Tapi orang-orang tahu. Tak ada yang berani bertanya atau sekadar memancing obrolan dengan si pembunuh, yang kemudian mengenalkan diri sebagai Jarot. Dari penampilan luarnya orang sudah menebak bahwa hidupnya hanya untuk darah dan kematian. Mungkin resolusi hidupnya jauh lebih buruk dari itu. Siapa tahu?
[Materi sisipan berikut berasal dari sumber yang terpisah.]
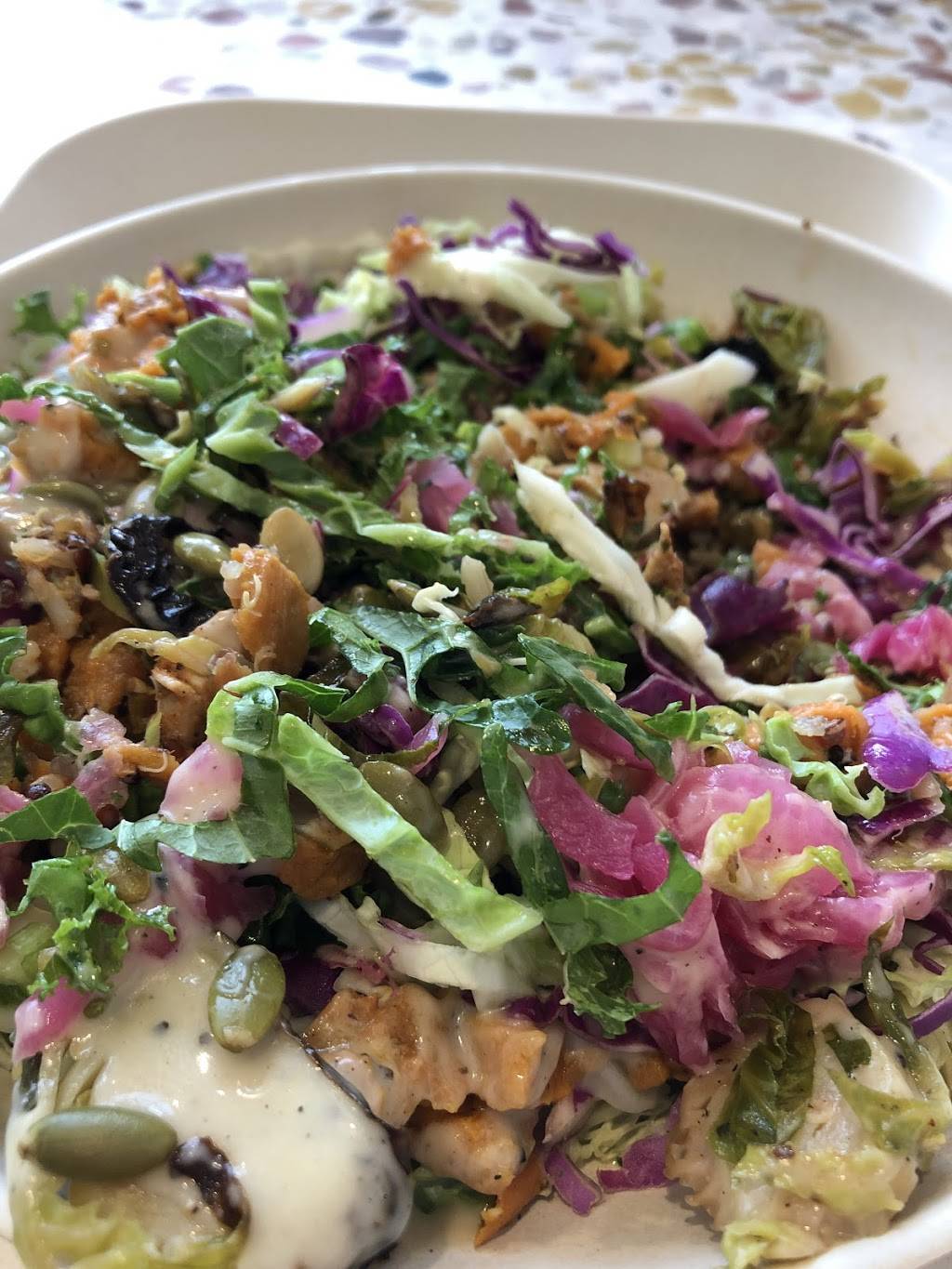 Updating this review after eating here a few times, wanted to note that the salads are really pretty delicious and filling/satisfying even to someone who is used to steak and potatoes. Everything pretty fresh, you can build your own salads if you prefer, staff are friendly/accommodating/polite. Most salads served on healthy grains or cauliflower rice, most have protein options like chicken, shrimp. some healthy drink options like natural lemonade that is not overly sweet, unsweetened iced tea drinks, that sort of thing. The ambience is fine, music not too loud, seats comfortable. I'm thrilled to have a satisfying healthy place to eat.
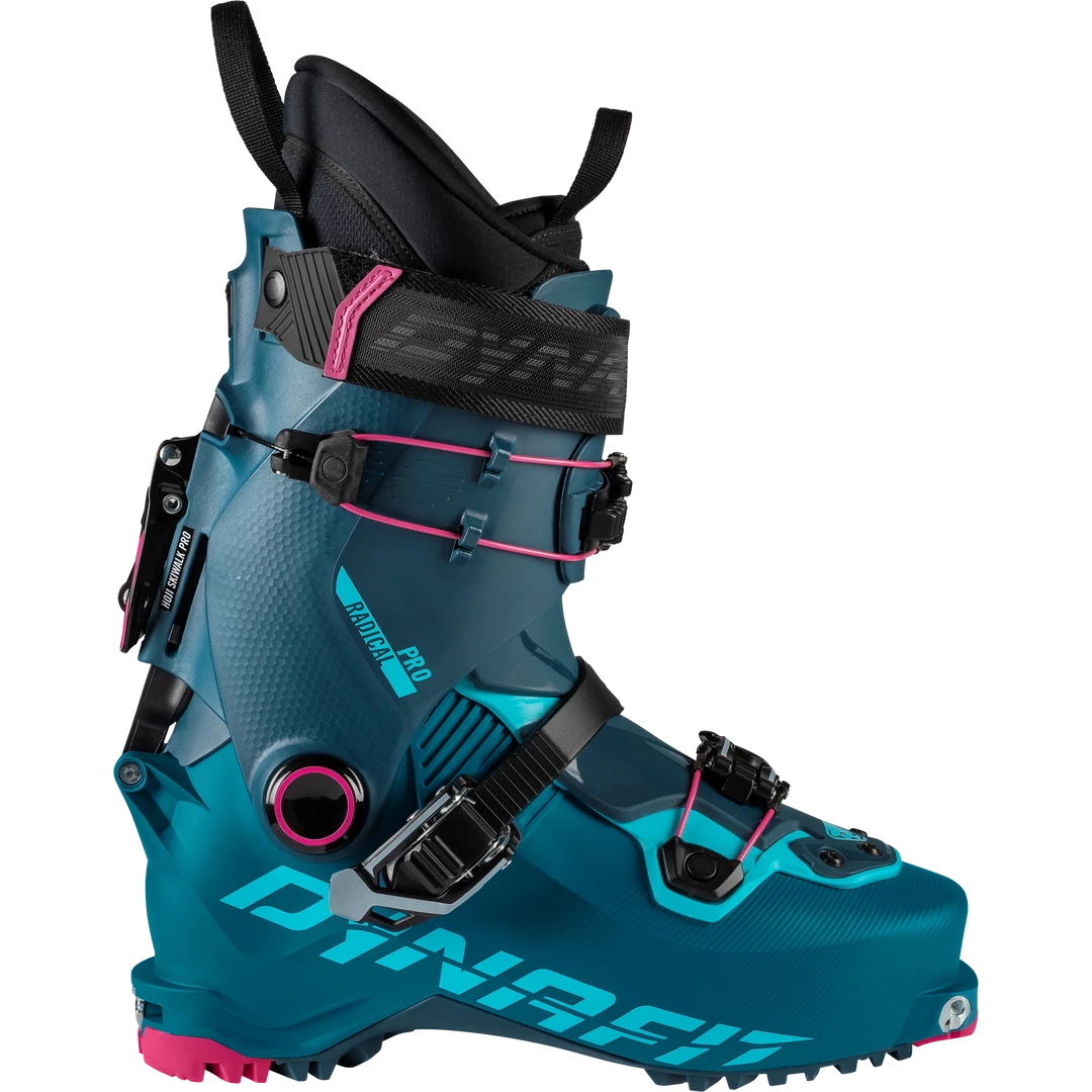 The Dynafit Radical Pro Women’s boot offers the same incredible Hoji-lock one lever throw as before, but in a new better fit and now with full touring binding compatibility. Gone are the days of the speed nose preventing compatibility with more of the alpine style bindings. It also gives you great crampon parings with all double bailed regular crampons, but still has the cut away for the Dynafit Cramp-in.

Kematian boleh berada, bahkan menjadi bagian dariku, namun mereka nyawa yang hidup di balik kegelapan. Adalah keharusan untuk menjadikan tempat ini lebih nyaman, walau upaya itu nyaris mustahil. Lagi pula itu satu-satunya alasan aku ada.
Jarot merayap ke sisi lain. Berjabat tangan dengan pria berwajah persegi, Jarot menagih sebuah cerita. Lain Gusti, lain Panca. Sejak mengenalku, Panca si muka persegi ini tak banyak omong. Pernikahan sang kekasih membuatnya sakit hati. Sudah diselingkuhi, ditinggal kawin! Ia bawa pitbull sambil menenteng surat undangan. Si anjing menyerang mempelai pria saat resepsi digelar. Ia mati dengan luka mengerikan.
Kembali tawa terdengar. Pembunuh itu sembarangan menertawakan masa lalu. Namun ada perubahan di diri Panca. Dia bisa meredam diri, lebih-lebih di depan tukang jagal yang terus menerus meringis dan menelanjangi semua orang dengan tatapan anehnya. Tak tahu apa yang terjadi bila Panca marah. Bisa-bisa tempat ini jadi kuburan.
Lelaki berkumis memperhatikan kami berempat. Sebatang rokok terlelap di tepi bibir. Sejak dulu terjepit di sana tanpa pernah menyala. Para sipir melarang siapa pun membawa korek. Mungkin tak mau orang-orang membakar diri karena frustasi.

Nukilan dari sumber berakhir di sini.